Sutton acknowledged the fact that it may now be a moot point, but he wanted to take a moment to address each of the three reasons for rejection.

He reiterated that VEA had not in any way expressed or even alluded to the apparent disparity between what the county was envisioning and what VEA expected, writing, “I am only aware of two ‘visions’ for this project. One came about through the extensive work, deliberations and research of the Legacy Committee (of which I was a part) and the other was that of former CEO Tom Husted, which was presented at VEA’s annual meeting several years ago, complete with a 3D model but ultimately deemed financially and logistically impractical.”

Sutton said the county has stayed true to the vision of the Legacy Committee, which was charged with the task of teasing out the details of the project, and he was not made aware that vision had changed. Moreover, he added, over the course of meetings and discussions in the past seven months, the county’s proposal had remained fairly consistent and the county even had a previous letter from VEA stating that its plans had been well-received. “If they were so far askew of the original vision, we should have been notified sooner,” Sutton stated.

As to VEA’s statement that the project will rely on the donation from the utility, Sutton said this was never in question before. “Since our first presentation back in January, we’ve been candid about the fact that our proposal would rely almost entirely on VEA’s $5 million contribution for construction and thereafter, the county would use its resources for maintenance and operations. If this was a deal breaker, again, I’m not sure why we weren’t informed sooner.”

On the topic of support for the project by VEA’s member-owners, Sutton said he was not sure how this was determined, as the community center project was one of the big-ticket items that VEA used as an incentive for its member-owners to vote in favor of selling its 230-kilovolt transmission line, a sale that could not have gone through without the approval of its member-owners.

“This project began when VEA publicly and repeatedly promised various incentives to its members in exchange for their affirmative vote on the proposed sale of the 230-kv transmission line to GridLiance.
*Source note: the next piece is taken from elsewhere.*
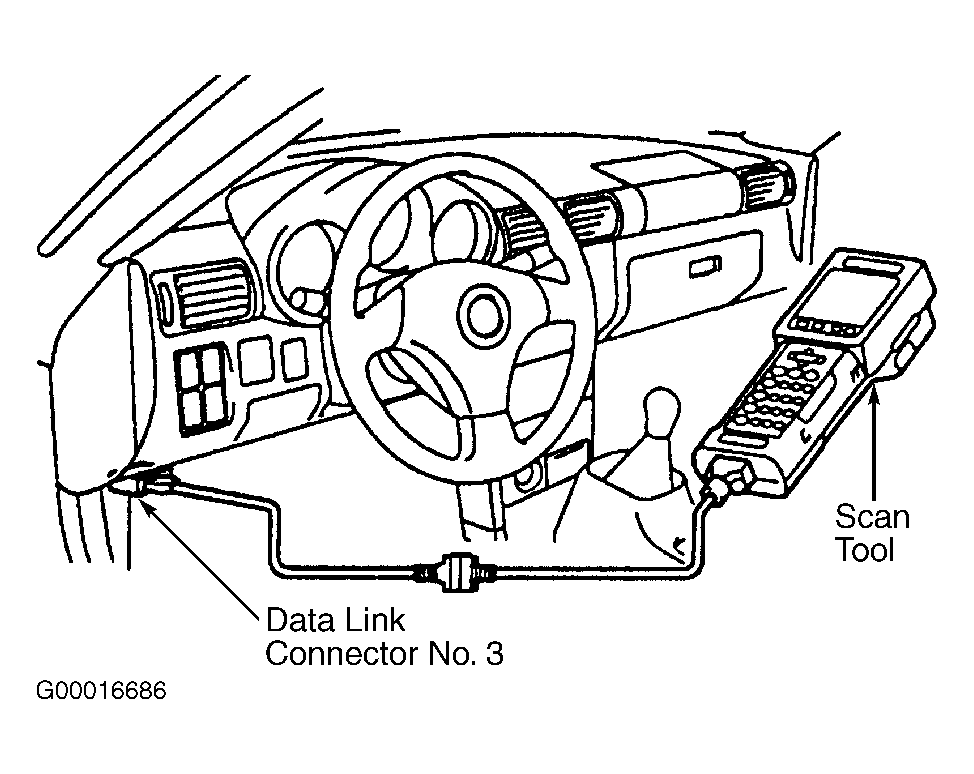 OBD-II regulations (SAE J-1962) standardizes configuration of Data Link Connector (DLC) No. 3. DLC No. 3 is located under driver's side of instrument panel, left of steering column. See Fig 1.
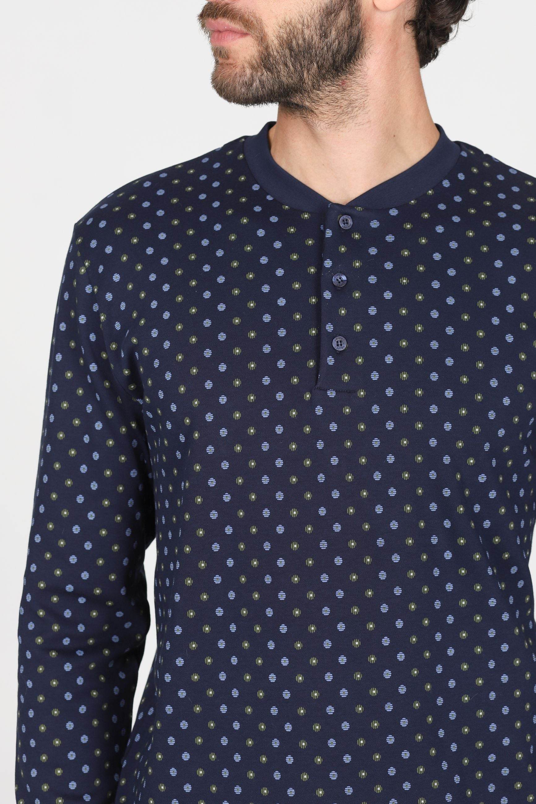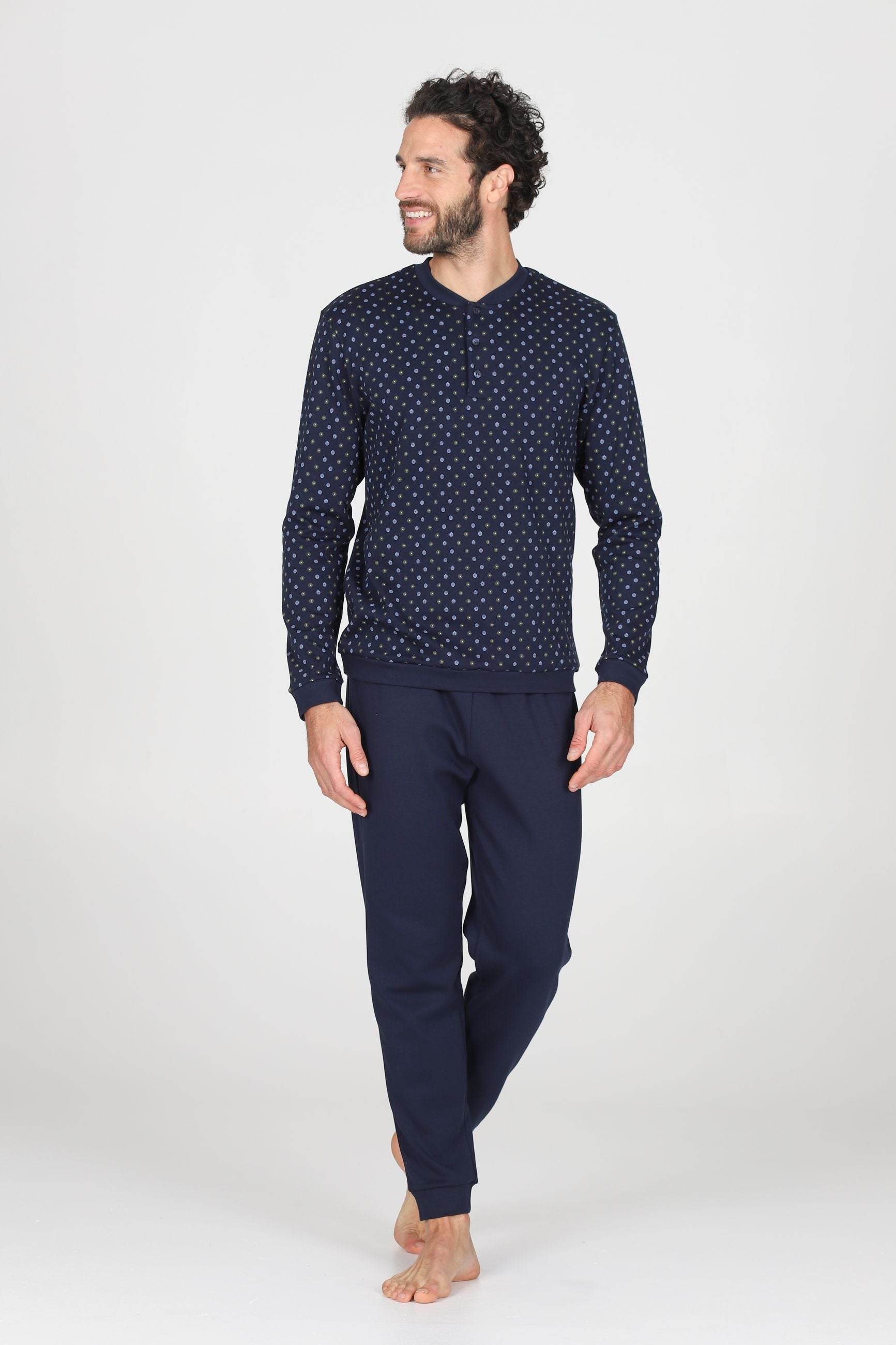 Eleganza e comfort si incontrano nel pigiama Nettuno Serafino, realizzato in 100% cotone interlock, morbido, caldo e traspirante. La maglia presenta uno scollatura serafino con bottoni, mentre il pantalone lungo assicura vestibilità comoda e naturale.

The requisite 66.6% of votes were obtained, the safe was effectuated and VEA made good on its pledge to pay cash premiums to its members and roll back the 9.9% rate increases that were in effect at the time,” Sutton wrote. “However, the contribution toward the community center remains unfulfilled.”

At this time, it is unknown whether VEA’s rejection of Nye County’s proposal means the utility will seek out another entity to champion the promised project or if the community center idea is entirely dead in the water.

A request for clarification on this point, as well as additional comment on the matter, was sent to VEA by the Pahrump Valley Times on Monday, Aug. 31 but a response had not been received as of press deadline.

Sutton noted that he too desired clarification and would be reaching out to VEA as well. In the meantime, Sutton said he felt that if VEA backed out entirely, that would constitute a classic bait and switch. Sutton would hardly be the only one in Nye County to be extremely disappointed if that proves to be the case.

“Denying the county’s project is one thing but reneging on their offer altogether is another,” Sutton told the Pahrump Valley Times when reached for comment on Wednesday, Sept. 2.

Sutton said though he “vehemently disagrees” with VEA’s reason for rejection, he understood that there was no guarantee that the county’s proposal would be approved. Still, that did not mean the conversation was at an end.

“If the county’s proposal was unacceptable and there are no other viable contenders, then the money and land should be donated to the community for a comparable purpose,” Sutton asserted. “Alternatively, VEA should produce evidence, (poll, survey, etc.) that a majority of its members no longer want a community center. Either way, Valley should not be allowed to simply walk away from this commitment to our community. A promise is a promise.”